WHAT TO PRODUCE: Your answer should hold exactly the lines below from the line with "Mēs atbalstām to, ka" through the line with "2020年支持新冠疫情防控捐贈(zèng)三十萬(wàn)榮譽(yù)證書", both included, and no pictures at all.

RAW DATA:
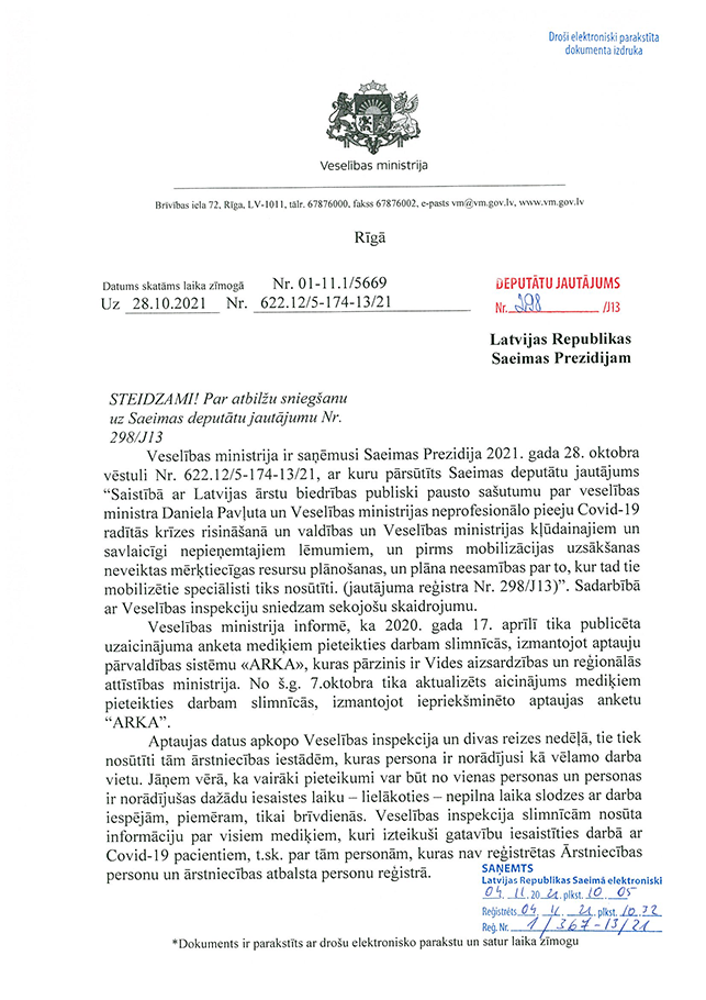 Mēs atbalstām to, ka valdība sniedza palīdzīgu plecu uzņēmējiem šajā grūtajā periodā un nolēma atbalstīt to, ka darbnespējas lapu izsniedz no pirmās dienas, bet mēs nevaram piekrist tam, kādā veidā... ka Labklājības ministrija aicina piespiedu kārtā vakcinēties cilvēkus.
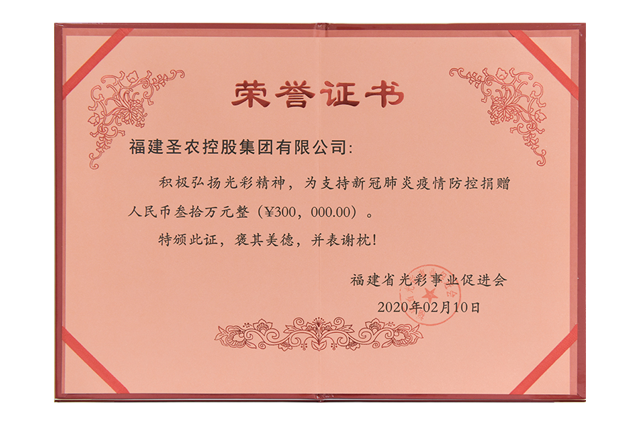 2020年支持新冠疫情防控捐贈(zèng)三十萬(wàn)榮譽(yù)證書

---

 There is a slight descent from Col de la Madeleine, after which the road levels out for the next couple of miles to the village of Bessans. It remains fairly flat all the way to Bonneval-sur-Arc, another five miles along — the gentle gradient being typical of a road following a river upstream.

TASK RESULT:
 Mēs atbalstām to, ka valdība sniedza palīdzīgu plecu uzņēmējiem šajā grūtajā periodā un nolēma atbalstīt to, ka darbnespējas lapu izsniedz no pirmās dienas, bet mēs nevaram piekrist tam, kādā veidā... ka Labklājības ministrija aicina piespiedu kārtā vakcinēties cilvēkus.
 2020年支持新冠疫情防控捐贈(zèng)三十萬(wàn)榮譽(yù)證書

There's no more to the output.